武瑠:乗り越えた人の雰囲気を感じたのかもしれないですね。
────一方Verde/はライヴを拝見していると、どんどんバンド然としてきているように思います。
武瑠:たしかに。
Shou:その辺はmitsuが初期に思ってたことに共感するかな。バンドのカッコよさも感じてるし、自分自身バンドの中のヴォーカリストが一番ハマるところだと思うので、Verde/はバンドっぽさを打ち出しているところはありますね。まだ何が自分に似合うのか探している最中でもあるんですけど。元々バンド時代は立ち上がりと事務所を出た瞬間は全部僕が仕切ってたんですよ。どんな曲を作ってどんなコンセプトとヴィジュアルで進めるかを。だから自分の作るコンテンツに自信はあるので、ソロになってこれまでやれなかったことを始めるって言うよりは、バンドの時と感覚は変わってないんですよね。
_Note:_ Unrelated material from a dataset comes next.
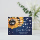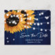 Rustic navy blue wedding save the date postcard featuring sunflowers and string lights on a barn wood background ideal for a rustic navy blue wedding party inspired by sunflower flowers.

mitsu:再現するための方法はすごく難しいと思うんですけど、再現しきれるならソロが自分を一番出せるような気がします。ただ、全部自分でやらなくてはいけないし、折れそうになった時に肩を組んでくれる人はいないですからね。それに周りの火が消えないようにより引っ張っていかなきゃいけないし。安心してね!って言える自分でいなきゃいけないってことはヴォーカリストとしての力量がよりシビアに問われるんですよね。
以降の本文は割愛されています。